I just bought tu8600 with all upgrade off USAM. Hopefully works on, will pair with ZMF atticus and hd800S.


----------



## smodtactical (Aug 29, 2021)

http://sonicvisions.org/forum/index.php?threads/elekit-tu8600s-impressions.118/

I got the elekit TU8600S in with most all upgrades in (only thing missing is VCAP CUTF, has odam instead). Tubes are: COSSOR Black Plate 300B, Western Electric  ECC83/B759, RCA 12AU7 X 2 (clear Top).

*Intro*
If I have to summarize the amp's sound with 1 word it would be captivating. I wanted to warm up HD800S and inject some musicality into it... the Elekit... well lets just say im lifting my jaw off the floor after hearing it.

*Setup*
I had some issues initially with a bit of noise and static. I fixed this by doing 2 things. First I took the XLRs out of my denafrips terminator that were connected to my he9, second I added to the tube cage. After doing this the elekit is insanely quiet with an abyss like blackground. I honestly think it sounds as quiet as the he9 and possibly even quieter than my pass amp.

*Tone*
The first thing that hits you is this supremely musical tonality throughout the frequency band. Now I know what the word 'effortless' means. Everything flows in such an utterly liquid way its truly amazing. Especially on hd800S at times it can just have too much bite or glare with certain music and now it sounds like its utterly relaxed and music just flows... but... it is somehow more detailed than my he9 ?!

*Detail*
Thats the next shocking thing is the detail. I am getting low level microdetail I never even heard in tracks. Trailing edges you never heard before seem to go on so long and perfectly disappear into the blackground. Female vocals sound utterly natural, real and I feel transported to the venue with the singer performing for me.

*Soundstage*
What also is amazing is the spatial + layering capability of elekit. The soundstage sounds bigger in all dimensions but there is real separation and layers to the music.. air around instruments... and imaging definition that I simply have not heard before in my headphones. Instruments and voices are clearly delineated that makes things very defined and placed yet it again is supremely musically cohesive. This adds to the sense of being truly immersed in the music which to me is my #1 quality that I look for in gear.

*Dynamics*
This thing slams like a truck! EDM sounds fast, detail and incredible punchy and impactful. The first time I put on Harvey McKay - Hard to See (Original Mix) I wanted to immediately get up and start dancing (but i controlled myself since I didn't want to embarrass myself in front of my wife lol). Elekit sounds just as powerful and brings the bass like he9 does but i think with more bass detail, texture and spaciousness... its simply less compressed sounding. Its more open, reverb is better appreciated as is the entire room of the recording.

*Comparisons*
I think the audio gd he9 is a great headphone amp. Its detailed, fast, big sounding but there is no comparison to elekit. Elekit is several tiers above. It does everything better. Detail, precision, 3d spaciousness while bringing a harmonic richness and flowing timbre that he9 just cannot even come close to. The sense of resolution married to a natural emotional sound has left me for the first time brought to tears. The only time this has ever happened to me before was listening to great speakers (including when i paired NS5000 with my pass labs amp). It has never previously happened with any headphones including (Susvara, TC, SR1a and all the head phones). This is a new stratosphere of performance that I've never even dreamed of.

*Pairings*
Everything I have sounds amazing on elekit. My favorite pairing so far is probably the hd800S... it just seems to love the tonal richness elekit adds. You get immense detail, speed, dynamic impact with a beautiful warmth that makes it SO EASY to listen to music... but you miss nothing compared to the HE9 and in fact there is more detail. The legendary soundstage of the 800S is enhanced further.

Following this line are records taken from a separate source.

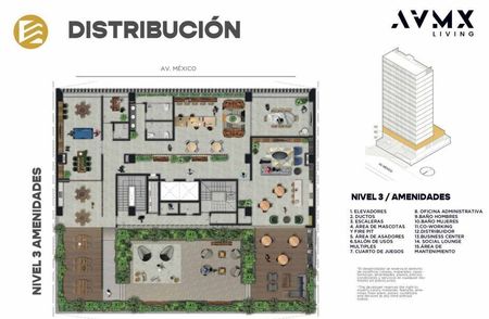 Este exclusivo penthouse de dos plantas, ubicado en la prestigiosa Torre AVMX Living, ofrece un diseño moderno y sofisticado con una distribución que maximiza el espacio y la comodidad.
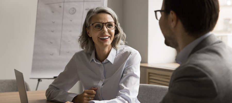 Happy mature woman negotiates with partner at conference table, lead pleasant business conversation, planning cooperation, working on task, selling company services to client during meeting in office
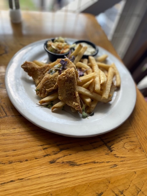 Country style cornmeal fried daily catch served with a side of slaw, tarter sauce, and house-made fries.
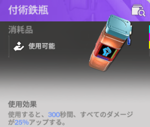 ▲例えばこの辺ですね。達成時に使っていたのはこれだったはず。複数を併用できるか気になって試したりもしましたが、消耗品使用前に確認できる効果発動中のアイコン表示からみると、1つしか効果が出なそう?
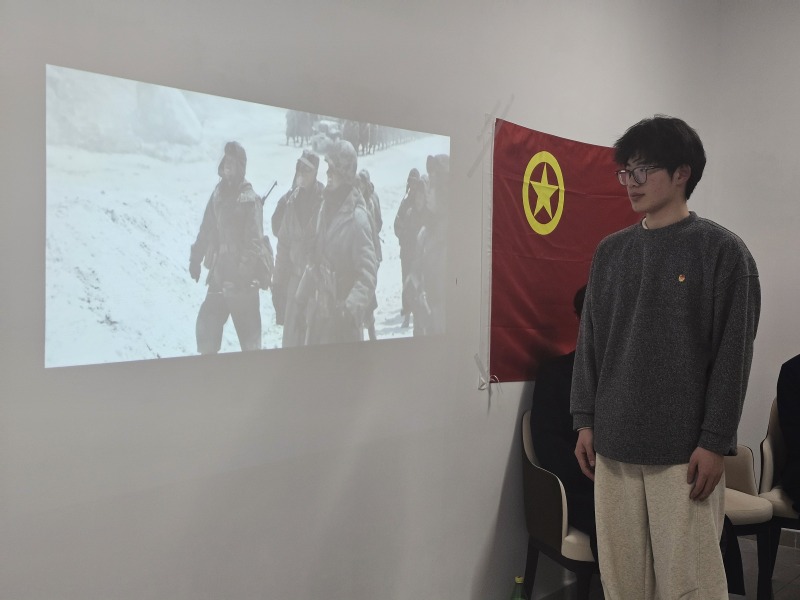 活动伊始,负责人孟泽彬同学以“红色历史与青年使命”为题作开场致辞。他阐述了本次活动的核心意义,强调红色基因是共青团的精神血脉,号召新时代青年从革命历史中汲取力量,将爱国之情、报国之志转化为日常学习与工作的实际行动,为本次活动拉开了庄严而温暖的序幕。
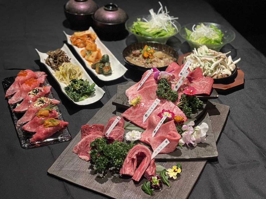 本套餐除了五种受欢迎的和牛部位外,还会为您提供两种上等严选部位。套餐还包含了炖和牛牛筋、用和牛高汤炒的黃油蘑菇、用无农药蔬菜腌制的自制泡菜和传统韩国小菜等。海胆,鱼子酱和鲑鱼子制作的精致寿司也将为您完美奉上。当然,一份传统的美味韩式拌饭也必不可少。最后还将为您提供用牛骨经过10小时以上精心熬制的美味汤品。 <菜单内容> 7种黑毛和牛拼盘 韩式生菜沙拉 炖牛筋 黄油蘑菇 3种泡菜 3种韩式小菜 肉寿司 牛骨汤・本套餐务必按照当日入店人数进行预约。 ・套餐预约人数:2人以上。 ・由于进货状况等原因,菜单可能会有所变更,望见谅。 ・照片仅供参考。 ・如果您在预订时间后 15 分钟内未到达,我们可能无法为您确保预订的座位,请见谅。
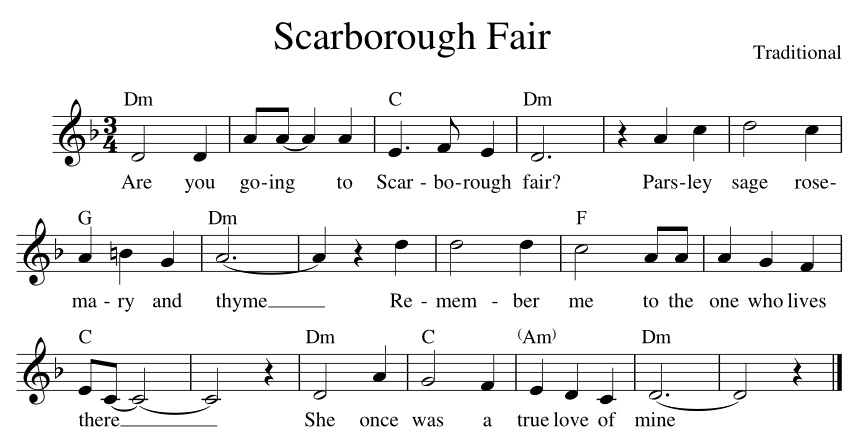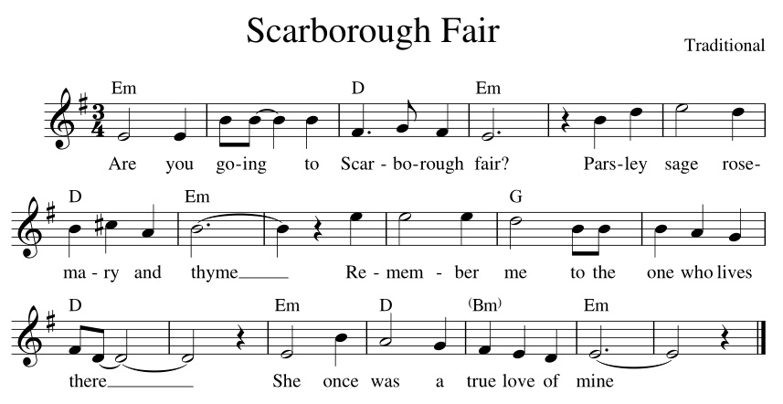 スカボローフェアは、16 世紀頃のイングランドのブロードサイド・バラッド(伝承歌)を源流とするトラディショナルであり、作曲者は不明です。
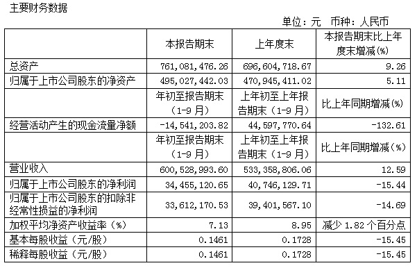 寶光股份2017年3季度主要財(cái)務(wù)指標(biāo)
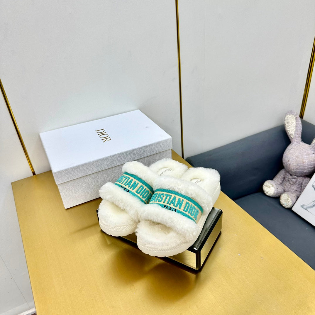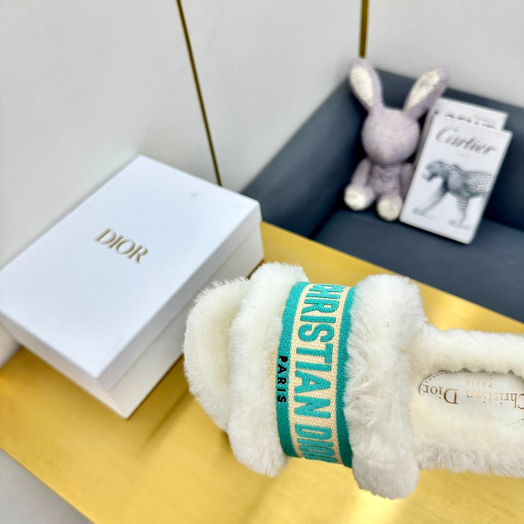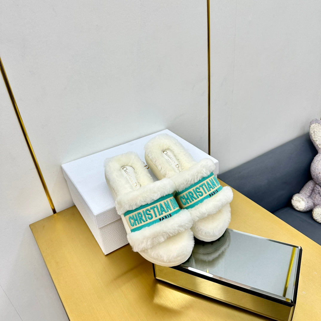 CD Dway Slide In White Mix Dark Jage Green Wool Fleece Lining And Canvas Fabric 111081

HD650 has always been a headphone that I considered a more 'whatever youtube/gaming' headphone. It sounded fine with music but I didn't take it seriously. That changed with elekit. Detail is taken up 2 notches, again more of a big 3d sounds tage... but with this combination you are utterly bathing in beautiful rich tonality... it sounds so natural and beautiful and once I put the headphone on my head... and listened for some period of time.. I said ok now its time to switch to HD800S or Atticus... but.. my hands would simply not move to the headphones to take them off my head. In fact they are still on my head as type this LOL.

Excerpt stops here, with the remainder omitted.